Menurut cerita yang terhimpun, jasad yang ada di tumpukan paling atas adalah Lettu Pierre A. Tendean.
Sementara itu, jasad Jenderal Ahmad Yani ada di tindihan keempat, Brigjen D.I. Panjaitan ada di posisi paling bawah dan M.T. Haryono di atasnya.
Proses pengangkatan jenazah Pahlawan Revolusi dimulai pada Minggu, 3 Oktober 1965. Tim dari Angkatan Laut yang ikut serta membantu mengevakuasi jasad korban.
Namun, karena kendala teknis, pengangkatan jenazah baru dapat dilakukan seluruhnya pada Senin, 4 Oktober 1965.
Ketujuh korban G30S itu kemudian dianugerahi gelar sebagai “Pahlawan Revolusi”.
Menurut Harian Kompas, kondisi jasad Jenderal Ahmad Yani dan kawan-kawan sudah tidak baik.
Hal tersebut menggambarkan ada tindak penganiayaan dan penyiksaan yang dilakukan oleh anggota G30S PKI sebelum akhirnya para Pahlawan Revolusi meninggal dunia.
Ada jasad yang rusak wajahnya, hilang sebagian organ luar tubuhnya, dan lain-lain.
Pemakaman Jenazah Pahlawan Revolusi
Selasa, 5 Oktober 1965
Sehari setelah jasad ditemukan, yakni pada Selasa, 5 Oktober 1965, ketujuh jenazah Pahlawan Revolusi dimakamkan di Taman Makam Pahlawan Kalibata.
Hari itu, bertepatan dengan hari ulang tahun (HUT) Angkatan Bersenjata Republik Indonesia (ABRI) yang ke-20.
Jenderal A. H. Nasution yang berhasil selamat dari penculikan anggota G30S hadir dalam prosesi upacara pemakaman tersebut. (Tribunjogja.com/ANR)

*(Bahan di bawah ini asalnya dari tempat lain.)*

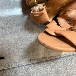 Nine West Farfalla Womens US 9 M Sandals Tan Leather Ankle T-Strap Wedge Heel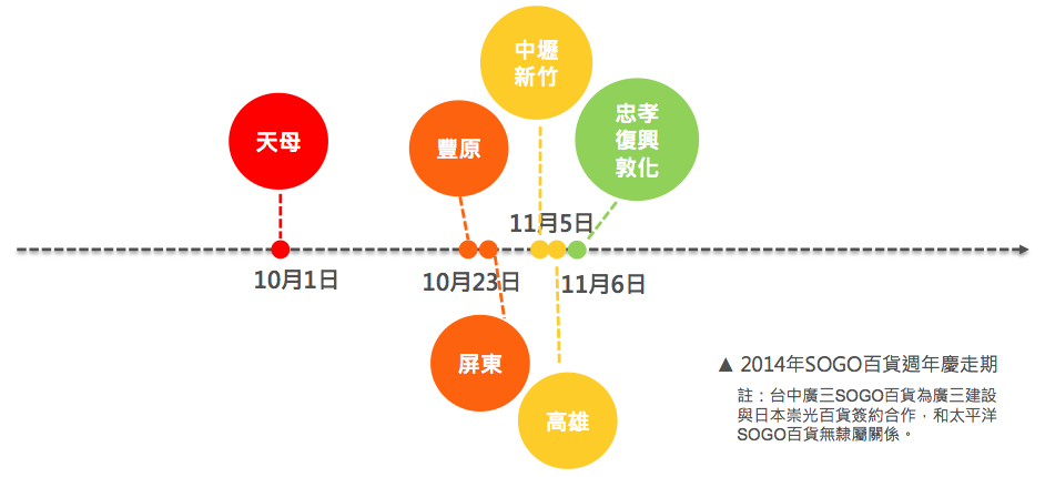 SOGO 百貨除了天母店,其餘分店全集中在10月底至11月中旬舉辦,而重點壓軸忠孝、復興、 敦化三大分店多年來堅持只有12天的檔期,用短期且精準的商品行銷創造高業績,2014年週年慶首日即吸引十萬人次,創下8.5億元的亮眼成績。

Baca juga: Mengulik Sejarah Kelam G30S PKI 1965, Siapakah Pelaku Sesungguhnya? Ini Kata LIPI dan Buku Sejarah
Baca juga: Sejarah Lubang Buaya G30S 1965, Tempat Pembuangan Jasad 7 Pahlawan Revolusi Indonesia
Artikel ini telah tayang di Kompas.com dengan judul "Kisah Pengambilan Jasad 7 Pahlawan Revolusi di Sumur Lubang Buaya" dan "4 Oktober 1965, 7 Jenazah Pahlawan Revolusi Dievakuasi dari Sumur Lubang Buaya" (Penulis: Luthfia Ayu Azanella; Vina Fadhrotul Mukaromah | Editor : Sari Hardiyanto)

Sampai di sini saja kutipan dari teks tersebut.